**WORK INSTRUCTION:** Look through the data below and output, unchanged, every line from the one holding "第1回生徒議会・実践部会で話" through the one holding "Pubblichiamo i volantini", inclusive. Skip the pictures.

RECORDS below:

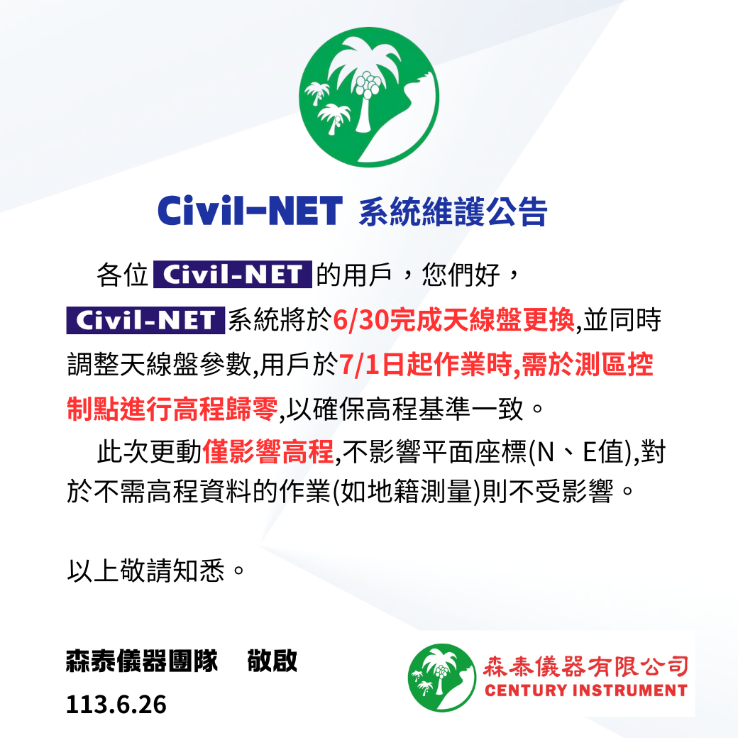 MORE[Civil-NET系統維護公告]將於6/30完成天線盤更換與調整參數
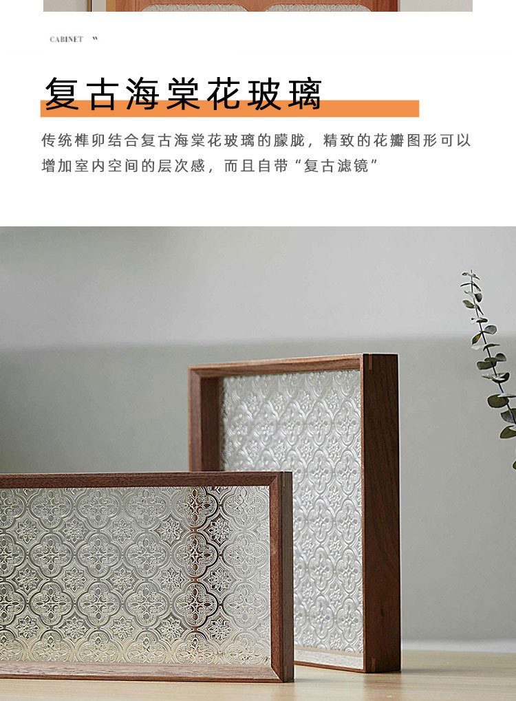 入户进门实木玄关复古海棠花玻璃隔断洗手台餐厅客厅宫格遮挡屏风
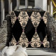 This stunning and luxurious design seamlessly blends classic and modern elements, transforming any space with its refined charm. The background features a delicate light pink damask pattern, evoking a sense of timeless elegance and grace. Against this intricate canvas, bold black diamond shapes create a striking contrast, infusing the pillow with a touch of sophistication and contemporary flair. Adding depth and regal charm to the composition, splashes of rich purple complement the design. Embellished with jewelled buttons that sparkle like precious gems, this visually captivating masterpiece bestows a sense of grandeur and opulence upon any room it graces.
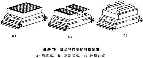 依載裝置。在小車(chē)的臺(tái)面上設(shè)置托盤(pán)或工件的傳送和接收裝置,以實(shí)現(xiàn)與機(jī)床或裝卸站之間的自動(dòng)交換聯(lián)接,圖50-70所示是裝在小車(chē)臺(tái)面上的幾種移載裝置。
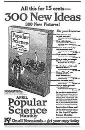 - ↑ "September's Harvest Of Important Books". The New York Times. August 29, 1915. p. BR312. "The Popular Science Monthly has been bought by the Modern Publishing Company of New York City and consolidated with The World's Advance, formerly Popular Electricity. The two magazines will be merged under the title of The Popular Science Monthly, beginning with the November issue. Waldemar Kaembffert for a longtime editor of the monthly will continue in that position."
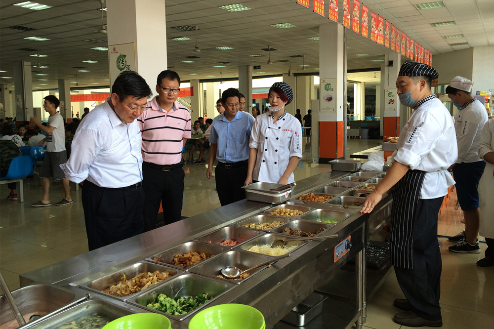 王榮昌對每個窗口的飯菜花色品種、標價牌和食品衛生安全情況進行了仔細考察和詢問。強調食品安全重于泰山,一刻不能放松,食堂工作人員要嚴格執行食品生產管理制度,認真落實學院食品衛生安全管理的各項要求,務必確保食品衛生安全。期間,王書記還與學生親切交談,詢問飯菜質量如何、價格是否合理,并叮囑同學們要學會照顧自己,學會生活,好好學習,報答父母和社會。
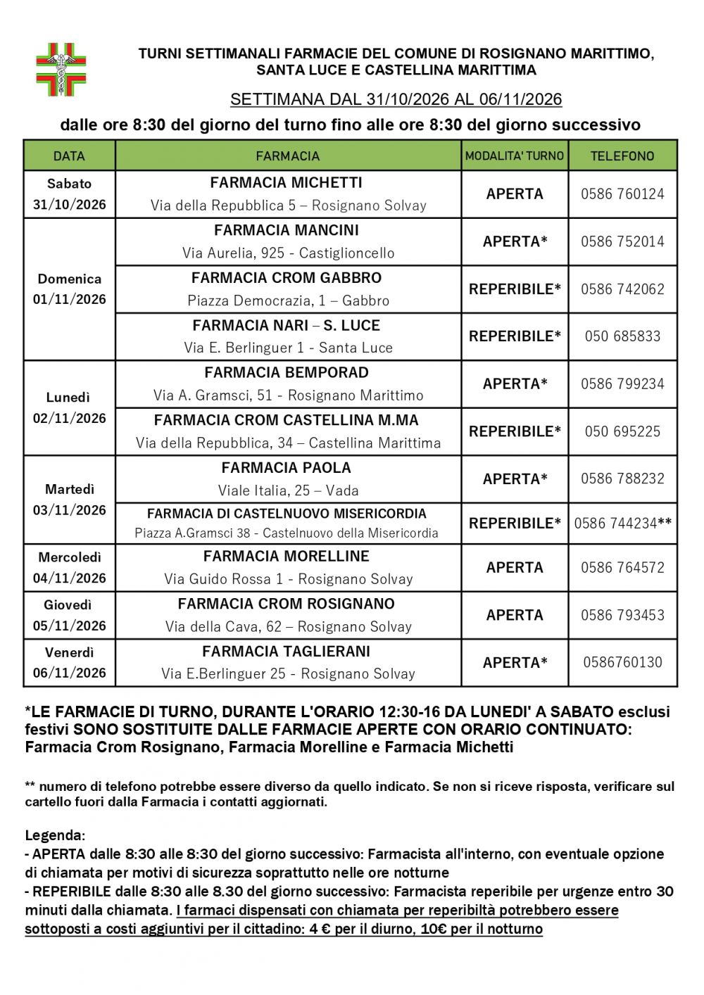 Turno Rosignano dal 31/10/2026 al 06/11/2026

End of RECORDS.
RECORDS below:

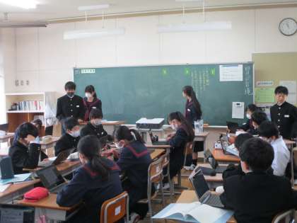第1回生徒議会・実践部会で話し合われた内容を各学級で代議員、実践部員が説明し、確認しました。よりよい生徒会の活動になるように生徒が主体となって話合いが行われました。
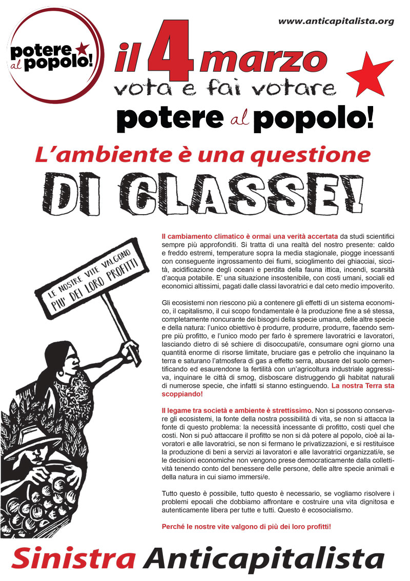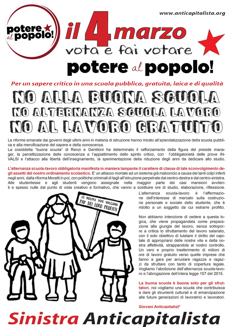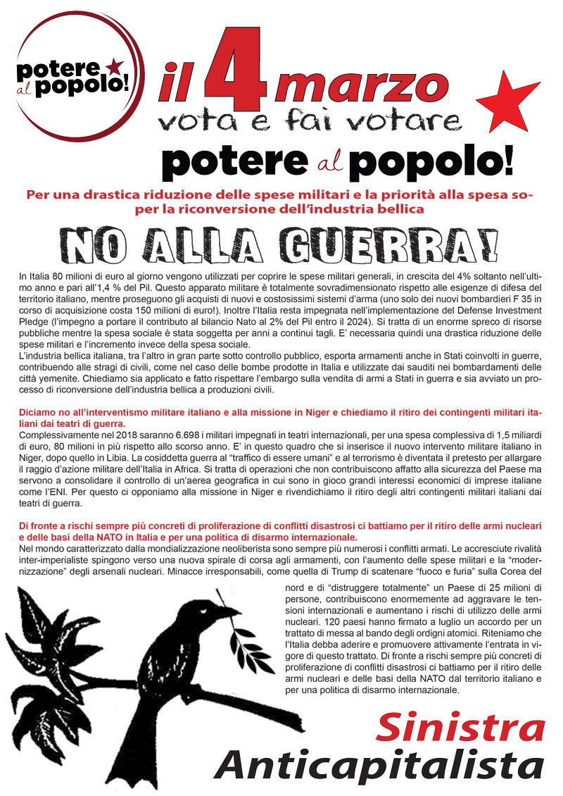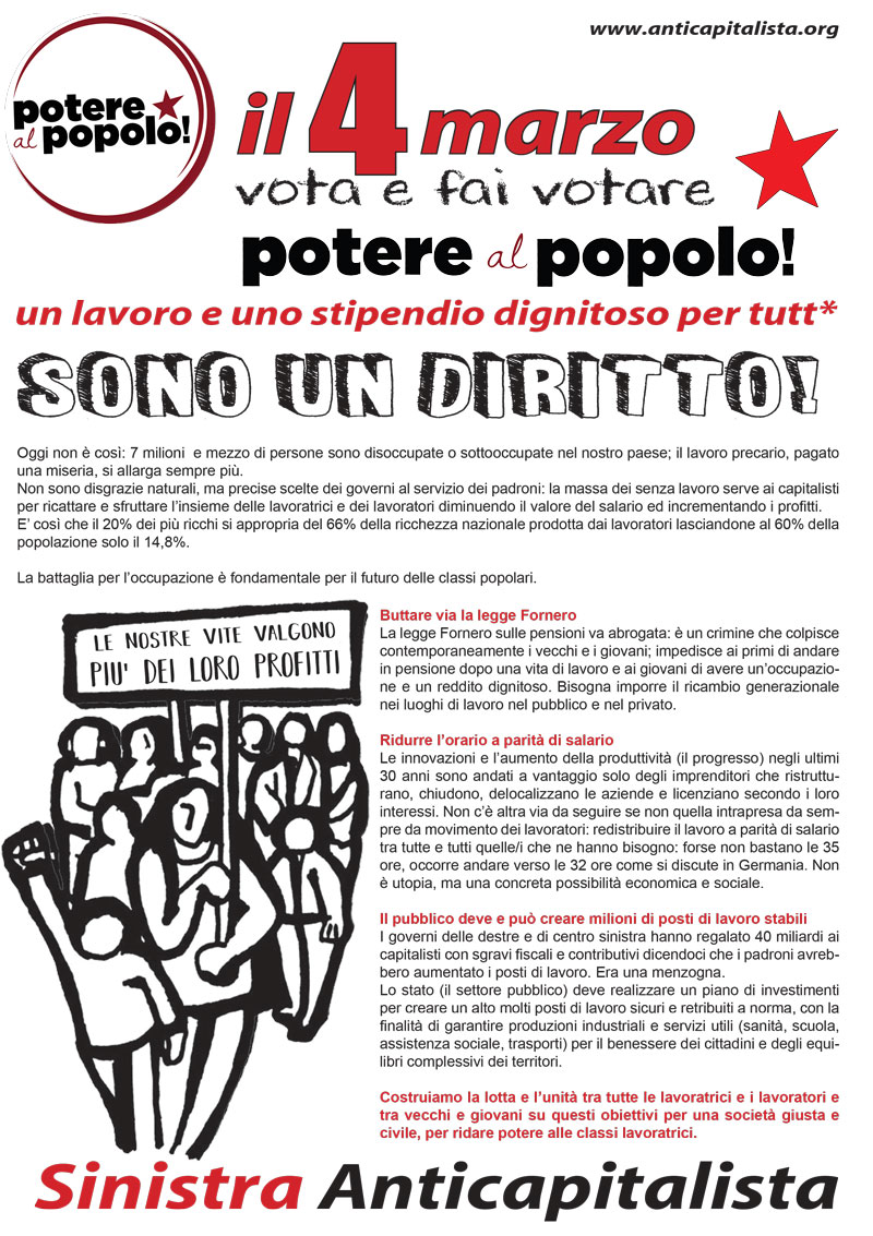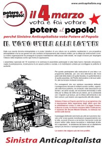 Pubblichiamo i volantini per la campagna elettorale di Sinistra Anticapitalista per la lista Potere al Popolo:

End of RECORDS.

**YOUR RESPONSE:**
第1回生徒議会・実践部会で話し合われた内容を各学級で代議員、実践部員が説明し、確認しました。よりよい生徒会の活動になるように生徒が主体となって話合いが行われました。
 Pubblichiamo i volantini per la campagna elettorale di Sinistra Anticapitalista per la lista Potere al Popolo:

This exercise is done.